BEGIN

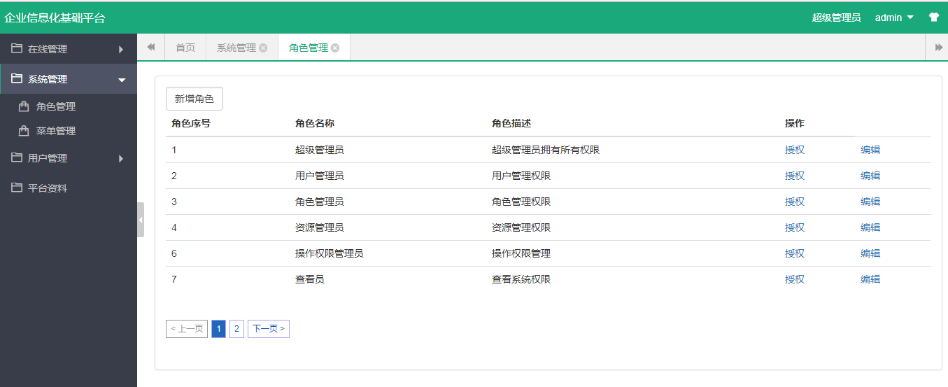 - 角色管理: 按照企业系统职能进行角色分配,每个角色具有不同的系统操作权限
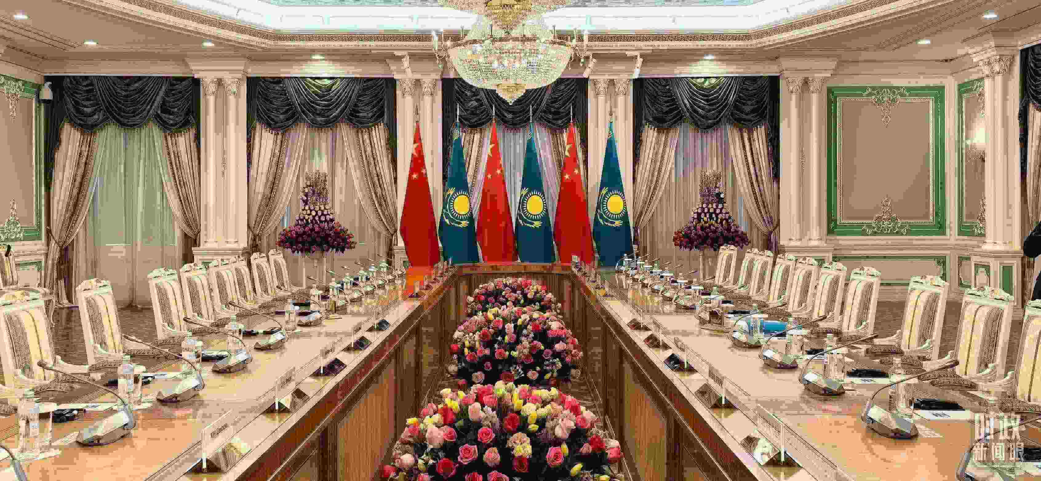 △中哈元首小范圍會(huì)談開始前的現(xiàn)場。(總臺(tái)央視記者劉岳拍攝)
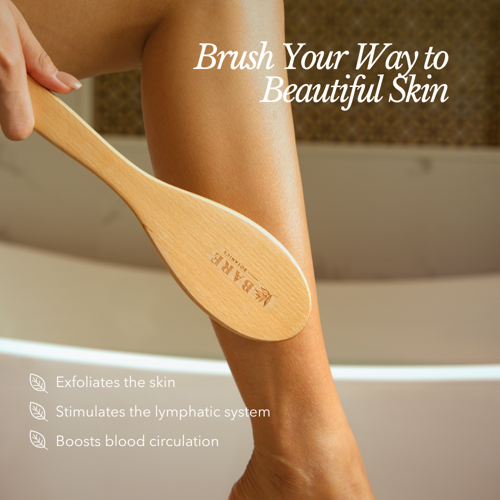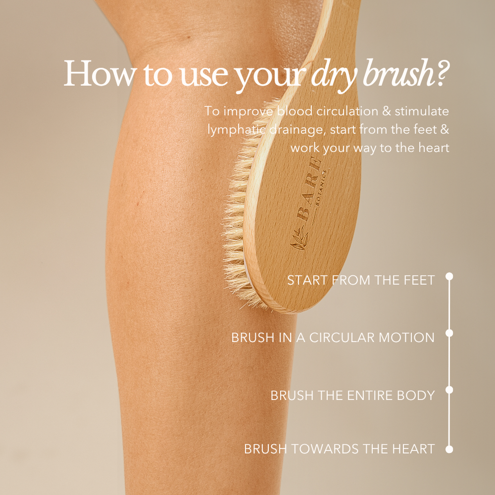 Use dry before showering or wet with gentle soap for added exfoliation. Start from your extremities and brush in circular motions toward your heart. This helps promote circulation and supports lymphatic drainage.
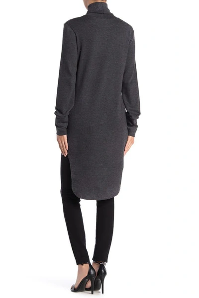 GO COUTURE Turtleneck High-low Tunic Sweater In Charcoal Elephant Up Dnu
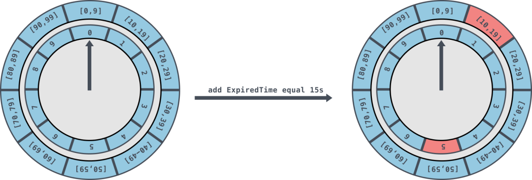 如果向该时间轮中添加一个 15s 的任务,那么当第一层时间轮容纳不下时,进入第二层时间轮,并插入到过期时间为[10,19]的时间格中。
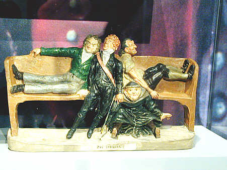 Karikaturistische Darstellung mit Personifikation des Bürgertums, der Beamtenschaft, des Arbeiterstandes und des Klerus
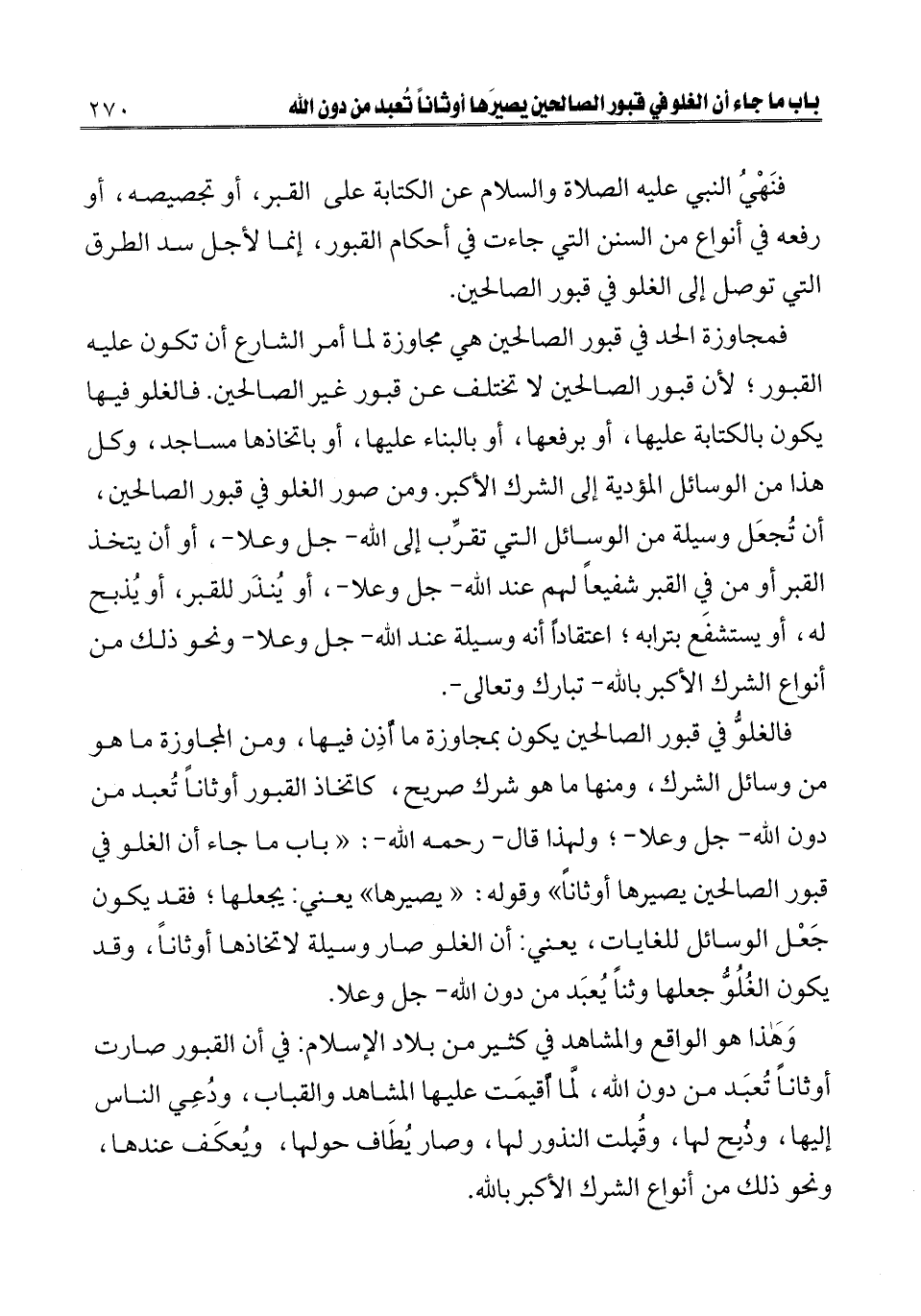 وهذا هو الواقع والمشاهد في كثير من بلاد الإسلام: في أن القبور صارت أوثانا تعبد من دون الله، لما أقيمت عليها المشاهد والقباب، ودعي الناس إليها، وذبح لها، وقبلت النذور لها، وصار يطاف حولها، ويعكف عندها، ونحو ذلك من أنواع الشرك الأكبر بالله.
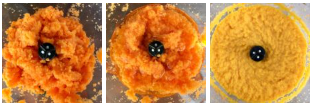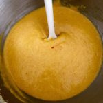 - Nel frattempo che la planetaria lavora passate al mixer più volte le carote in modo che risultino tritate molto finemente. Aggiungete l’0lio e proseguite a frullare per un paio di minuti fino a che non si ottiene una cremina di carote chiara e liscia.
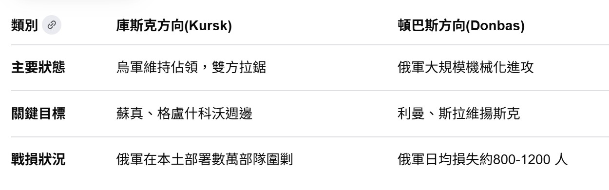 邊境突襲:俄羅斯「北方」集團軍近期對蘇梅邊境發動了跨境戰術突擊,宣稱奪取了3 個邊境定居點以緩解庫斯克壓力。
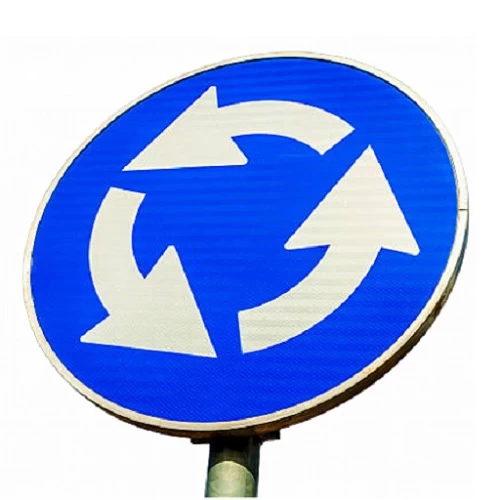 Roundabout Crossroad Road Traffic Sign, characterized by high quality and resistance to various environmental conditions, helps in managing traffic flow on roads, as it alerts drivers to the presence of an upcoming roundabout intersection, allowing them to take necessary precautions while driving.
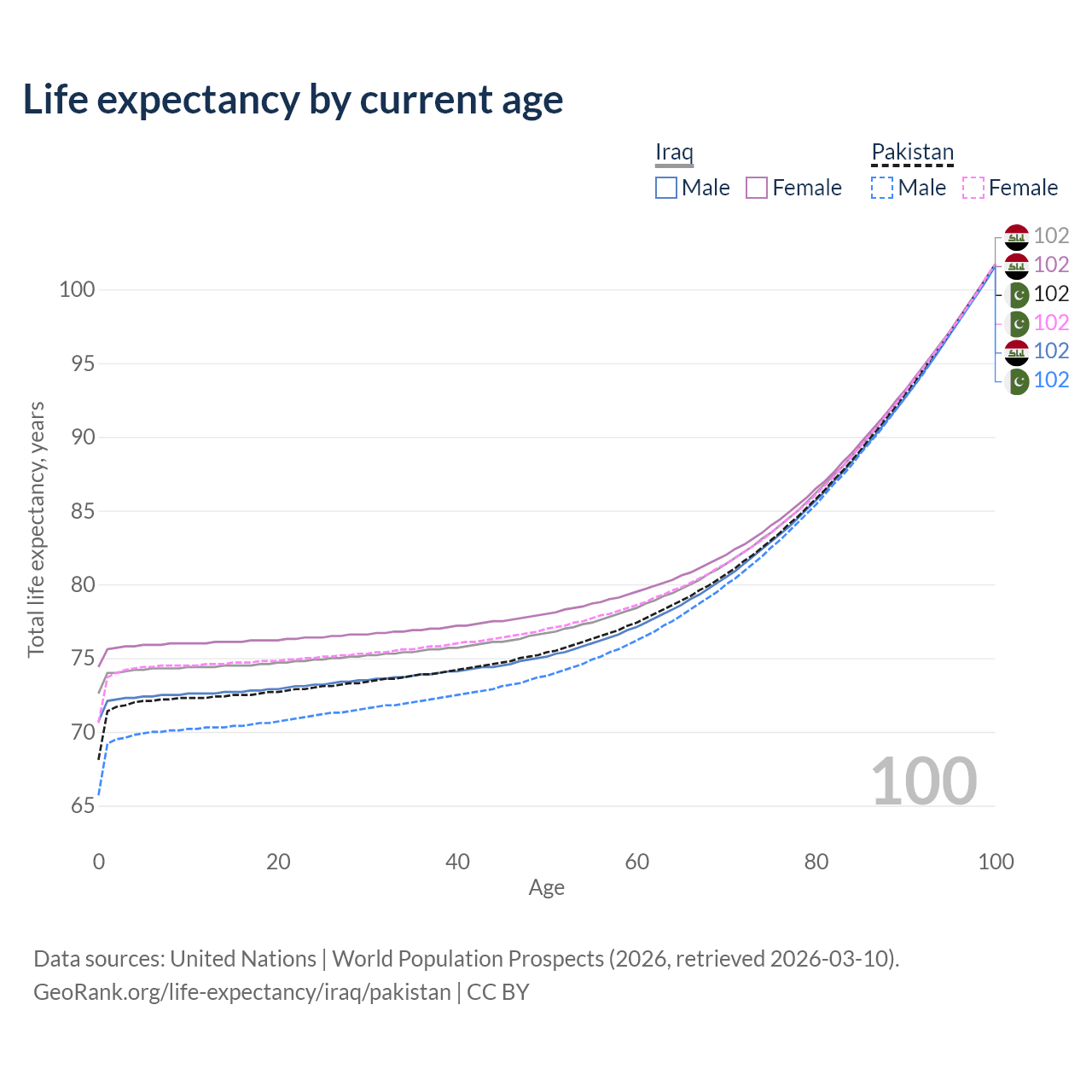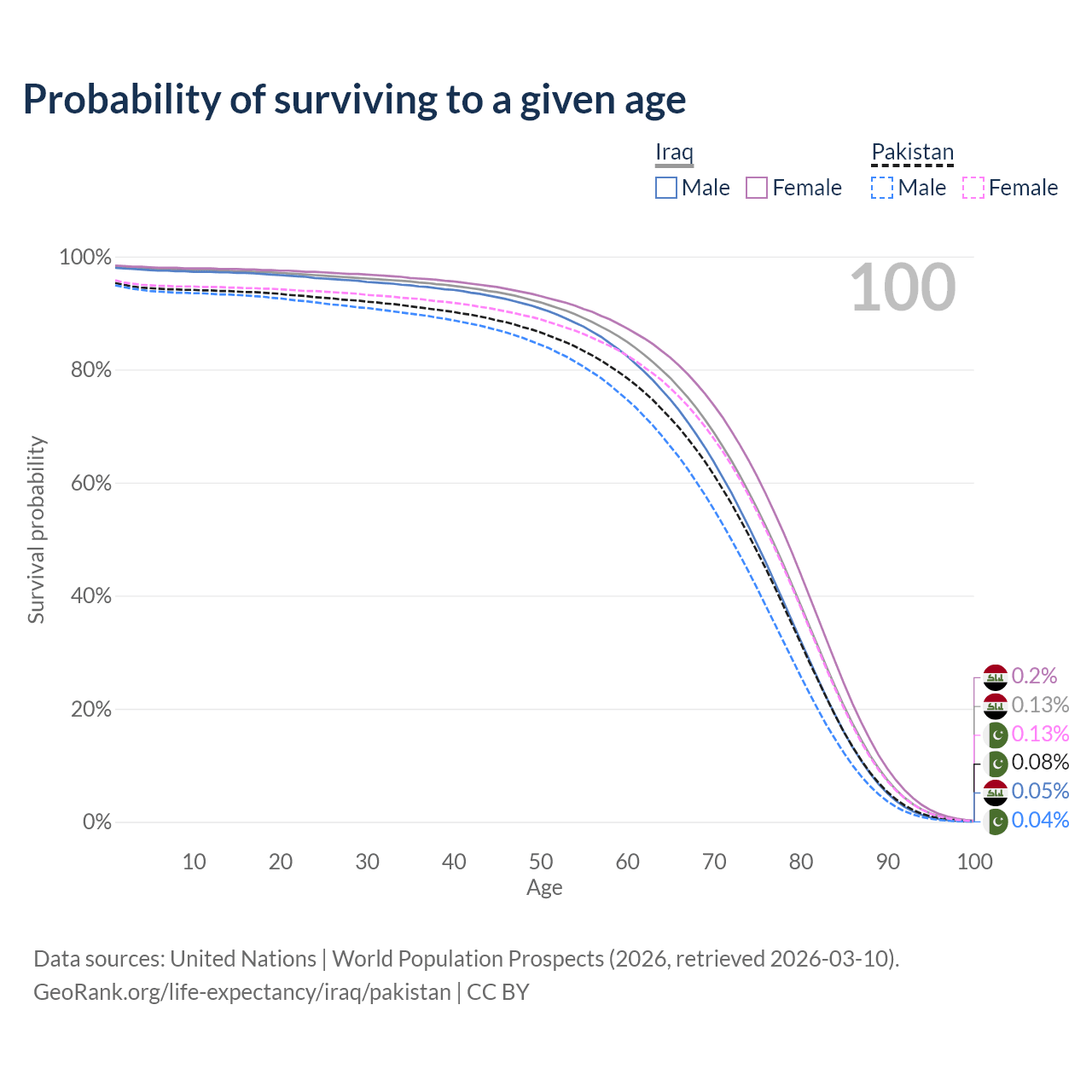 This life expectancy calculator shows the odds of living to 100, 95, 90, and below based on current age for both males and females in Iraq and Pakistan, along with mean and median age of death. The calculations are based on the 2026 life tables (actuarial tables) from the UN World Population Prospects.
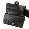 This classic Chanel double flap medium lambskin beauty is crafted in diamond-quilted black lambskin leather featuring hardware in silver. This sought-after beauty won't last long so don't miss your chance to own her.
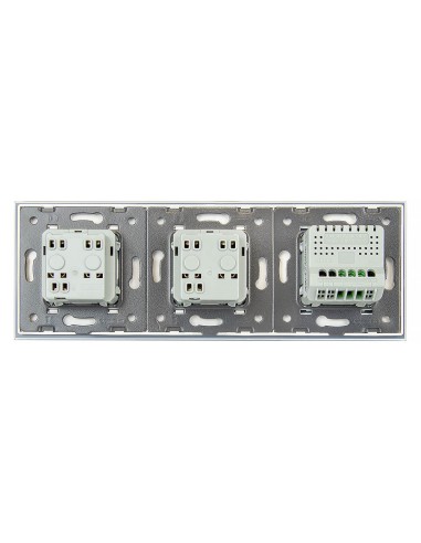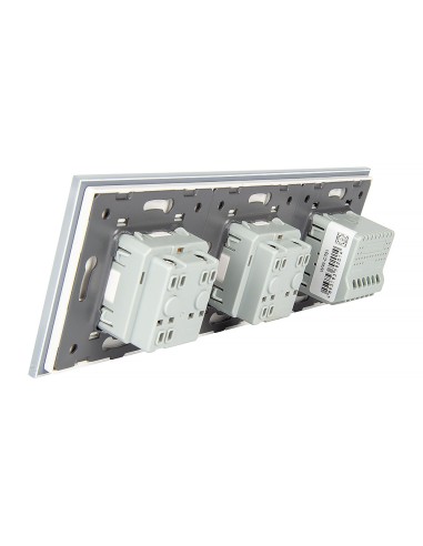 Zestaw umożliwia wygodne sterowanie jedynym obwodem oświetleniowymi oraz korzystanie z dwóch gniazd zasilających, a wszystko to umieszczone w eleganckim, szklanym panelu o spójnym i nowoczesnym wyglądzie. Konstrukcja została zaprojektowana tak, aby zmieścić się w trzech standardowych puszkach elektrycznych lub jednej potrójnej puszce podtynkowej. Gniazda wyposażono w klasyczne uziemienie typu „bolec”, co gwarantuje pełną zgodność z dostępnymi wtyczkami na polskim rynku.

END

GOAL OF THE EXERCISE:
Begin at the line that contains "وهذا هو الواقع" and transcribe exactly, and only, each line through the final line of the data above, both included; the pictures do not go in.

YOUR SOLUTION:
 وهذا هو الواقع والمشاهد في كثير من بلاد الإسلام: في أن القبور صارت أوثانا تعبد من دون الله، لما أقيمت عليها المشاهد والقباب، ودعي الناس إليها، وذبح لها، وقبلت النذور لها، وصار يطاف حولها، ويعكف عندها، ونحو ذلك من أنواع الشرك الأكبر بالله.
 - Nel frattempo che la planetaria lavora passate al mixer più volte le carote in modo che risultino tritate molto finemente. Aggiungete l’0lio e proseguite a frullare per un paio di minuti fino a che non si ottiene una cremina di carote chiara e liscia.
 邊境突襲:俄羅斯「北方」集團軍近期對蘇梅邊境發動了跨境戰術突擊,宣稱奪取了3 個邊境定居點以緩解庫斯克壓力。
 Roundabout Crossroad Road Traffic Sign, characterized by high quality and resistance to various environmental conditions, helps in managing traffic flow on roads, as it alerts drivers to the presence of an upcoming roundabout intersection, allowing them to take necessary precautions while driving.
 This life expectancy calculator shows the odds of living to 100, 95, 90, and below based on current age for both males and females in Iraq and Pakistan, along with mean and median age of death. The calculations are based on the 2026 life tables (actuarial tables) from the UN World Population Prospects.
 This classic Chanel double flap medium lambskin beauty is crafted in diamond-quilted black lambskin leather featuring hardware in silver. This sought-after beauty won't last long so don't miss your chance to own her.
 Zestaw umożliwia wygodne sterowanie jedynym obwodem oświetleniowymi oraz korzystanie z dwóch gniazd zasilających, a wszystko to umieszczone w eleganckim, szklanym panelu o spójnym i nowoczesnym wyglądzie. Konstrukcja została zaprojektowana tak, aby zmieścić się w trzech standardowych puszkach elektrycznych lub jednej potrójnej puszce podtynkowej. Gniazda wyposażono w klasyczne uziemienie typu „bolec”, co gwarantuje pełną zgodność z dostępnymi wtyczkami na polskim rynku.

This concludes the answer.